The Collector of Customs sitting in the seizure and forfeiture proceedings, has exclusive jurisdiction to hear and determine all questions touching on the seizure and forfeiture of dutiable goods. (Jao vs. Court of Appeals, 249 SCRA 35)

50. (a) What is the basis of the automatic review procedure in the Bureau of Customs?

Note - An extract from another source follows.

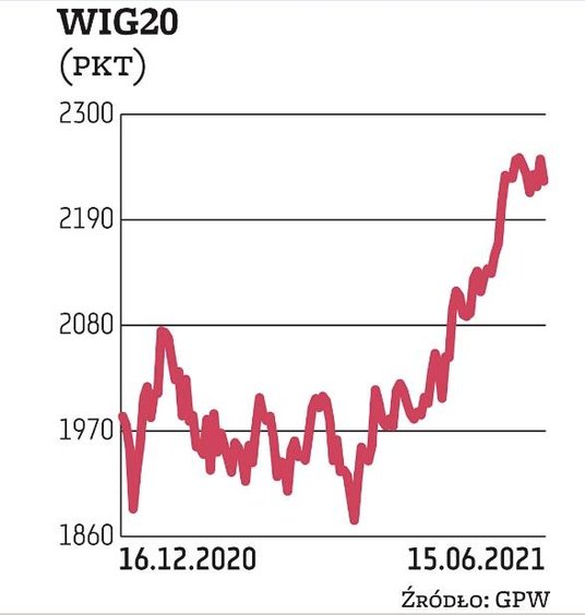 Początek sesji był bardzo optymistyczny. Indeks największych spółek rósł nawet o blisko 0,7 proc. Nastroje zaczęły się jednak psuć i indeks blue chips zaczął się osuwać. Ciążył przede wszystkim KGHM. Miedziowy gigant prawdopodobnie stanął na celowniku sprzedających z powodu spadających notowań czerwonego metalu. W Londynie cena miedzi w kontraktach trzymiesięcznych spadała po południu o około 4 proc., do poniżej 9,6 tys. USD za tonę. Metal ten nie był tak tani od końca kwietnia. KGHM staniał ostatecznie o 5,8 proc. Z kolei gwiazdą w gronie największych spółek był CD Projekt. Duże zainteresowanie inwestorów jego akcjami wynikało ze spekulacji o możliwym, rychłym powrocie „Cyberpunka 2077" do PS Store. Dzięki temu notowania CD Projektu rosły nawet o 9,5 proc., jednak ostatecznie akcje zdrożały o 6,5 proc. Wystrzał notowań CD Projektu nie zdołał wynieść indeksu nad kreskę i WIG20 spadł o 1 proc. Indeks średnich spółek obniżył się o 0,8 proc. Ciągnięty był w dół m.in. przez banki oraz spółki takie jak PKP Cargo i XTB. sWIG80 spadł o 1 proc. W tym gronie przegranymi byli Cognor i Mabion. W przypadku biotechnologicznej spółki inwestorzy realizowali zyski z poprzedniej sesji. Kurs Mabionu rósł w poniedziałek nawet o ponad 12 proc. Powodem były informacje o wysokiej skuteczności szczepionki Novavaksu, której składniki mają być wytwarzane w fabryce Mabionu.

Automatic review is intended to protect the interest of the Government in the collection of taxes and customs duties in seizure and protest cases. Without such automatic review, neither the Commissioner of Customs nor the Secretary of Finance would know about the decision laid down by the Collector of Customs favoring the taxpayer. The power to decide seizure and protest cases may be abused if no checks are instituted. Automatic review is necessary because nobody is expected to appeal the decision of the Collector of Customs which is favorable to the taxpayer and adverse to the Government. This is the reason why whenever the decision of the Collector of Customs is adverse to the Government, the said decision is affirmed by the Commissioner of Customs. The same shall be automatically elevated to and finally reviewed by the Secretary of Finance. (Yaokasin vs. Commissioner of Customs, 180 SCRA 591 [1989])

(b) When does automatic review of cases occur?

(1) Decision of the Collector favorable to the taxpayer;

(2) Decision of the Commissioner of Customs favorable to the taxpayer which is

automatically elevated to the Secretary of Finance;

(3) Decision of the Secretary of Finance if adverse to the taxpayer is appealable to the Court of Tax Appeals.